- **PROBLEM**
Below are the records; repeat exactly their lines between the line holding "Modern T-shirt med" and the line holding "Las actuaciones más", inclusive, skipping the pictures.

- **RECORDED DATA**
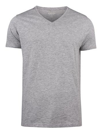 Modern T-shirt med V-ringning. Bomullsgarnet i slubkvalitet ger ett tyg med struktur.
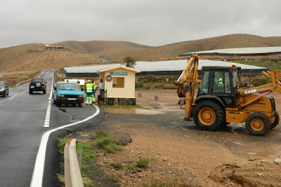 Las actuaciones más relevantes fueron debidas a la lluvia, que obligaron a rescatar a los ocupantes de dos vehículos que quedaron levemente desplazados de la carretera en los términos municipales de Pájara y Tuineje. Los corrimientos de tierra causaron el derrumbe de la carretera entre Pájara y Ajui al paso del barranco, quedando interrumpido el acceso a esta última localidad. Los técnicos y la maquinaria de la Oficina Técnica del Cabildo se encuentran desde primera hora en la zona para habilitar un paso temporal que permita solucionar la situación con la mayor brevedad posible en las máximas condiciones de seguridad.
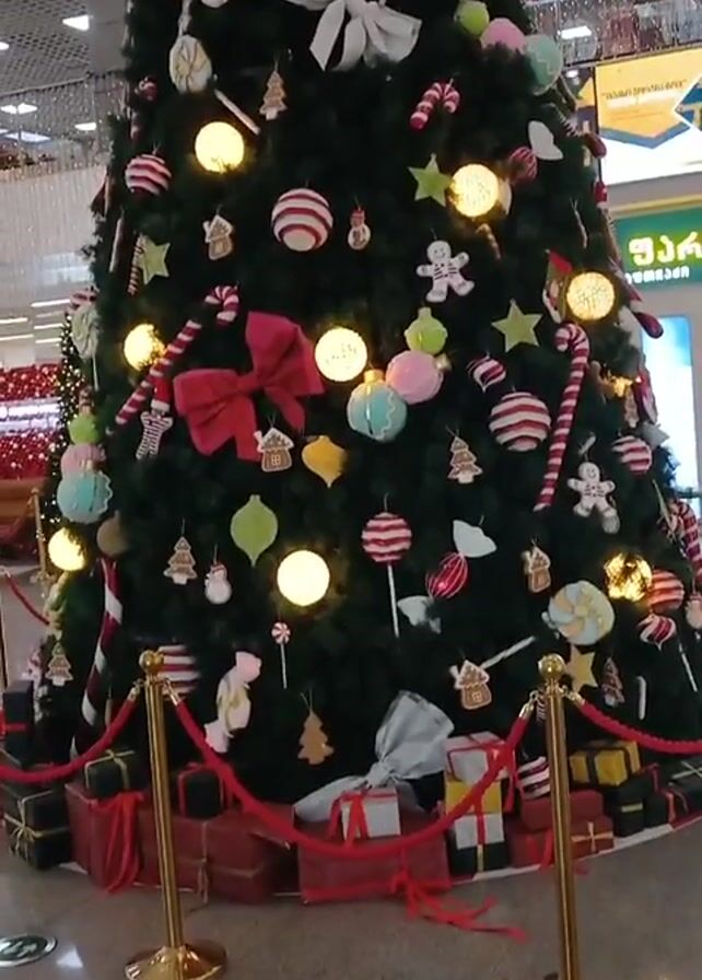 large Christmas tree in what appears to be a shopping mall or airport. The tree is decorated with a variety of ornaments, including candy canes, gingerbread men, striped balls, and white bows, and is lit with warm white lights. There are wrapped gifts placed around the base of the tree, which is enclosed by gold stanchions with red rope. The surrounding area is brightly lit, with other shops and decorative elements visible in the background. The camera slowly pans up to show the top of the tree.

...

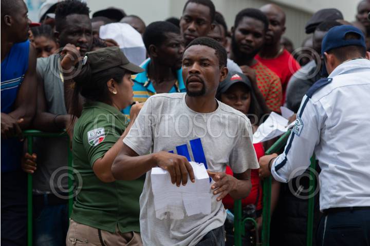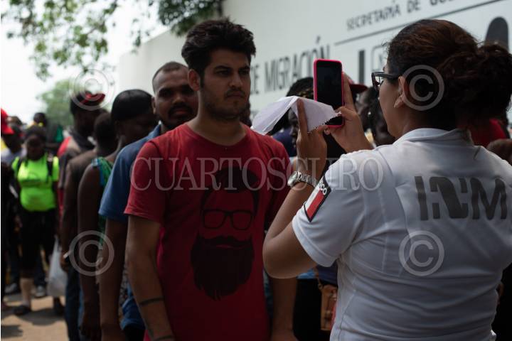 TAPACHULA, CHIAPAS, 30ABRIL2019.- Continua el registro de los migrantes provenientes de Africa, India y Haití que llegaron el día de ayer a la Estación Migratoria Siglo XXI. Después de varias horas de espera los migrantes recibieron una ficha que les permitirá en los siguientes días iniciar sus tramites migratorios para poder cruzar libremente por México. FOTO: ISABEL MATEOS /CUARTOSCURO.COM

==

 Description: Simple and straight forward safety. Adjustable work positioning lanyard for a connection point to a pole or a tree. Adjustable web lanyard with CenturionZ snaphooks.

- **RESULT OF THE EXERCISE**
 Modern T-shirt med V-ringning. Bomullsgarnet i slubkvalitet ger ett tyg med struktur.
 Las actuaciones más relevantes fueron debidas a la lluvia, que obligaron a rescatar a los ocupantes de dos vehículos que quedaron levemente desplazados de la carretera en los términos municipales de Pájara y Tuineje. Los corrimientos de tierra causaron el derrumbe de la carretera entre Pájara y Ajui al paso del barranco, quedando interrumpido el acceso a esta última localidad. Los técnicos y la maquinaria de la Oficina Técnica del Cabildo se encuentran desde primera hora en la zona para habilitar un paso temporal que permita solucionar la situación con la mayor brevedad posible en las máximas condiciones de seguridad.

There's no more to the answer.